Description of the task:
A faithful copy of all the data is the goal; omit the pictures.

Material provided:
-------

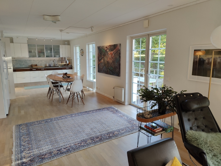 Villa byggd 2003 i 1,5 plan. Nära till naturen, bad, skolor, affär och pendeltåg (Aspedalens station). Naturskönt läge med 1200 m2 tomt med utsikt över Aspen. Bra för en barnfamilj. Uthyres möblerad.
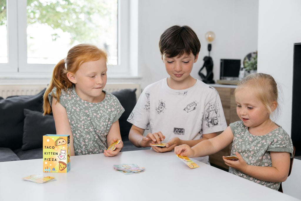 Just like the adult's version Taco Cat Goat Cheese Pizza, be the first to get rid of all your cards to win the game.
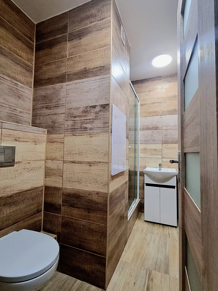 Koupelna s prostorným sprchovým koutem, umyvadlem a toaletou garantuje pohodlí a komfort.

-------

Output of the task:
 Villa byggd 2003 i 1,5 plan. Nära till naturen, bad, skolor, affär och pendeltåg (Aspedalens station). Naturskönt läge med 1200 m2 tomt med utsikt över Aspen. Bra för en barnfamilj. Uthyres möblerad.
 Just like the adult's version Taco Cat Goat Cheese Pizza, be the first to get rid of all your cards to win the game.
 Koupelna s prostorným sprchovým koutem, umyvadlem a toaletou garantuje pohodlí a komfort.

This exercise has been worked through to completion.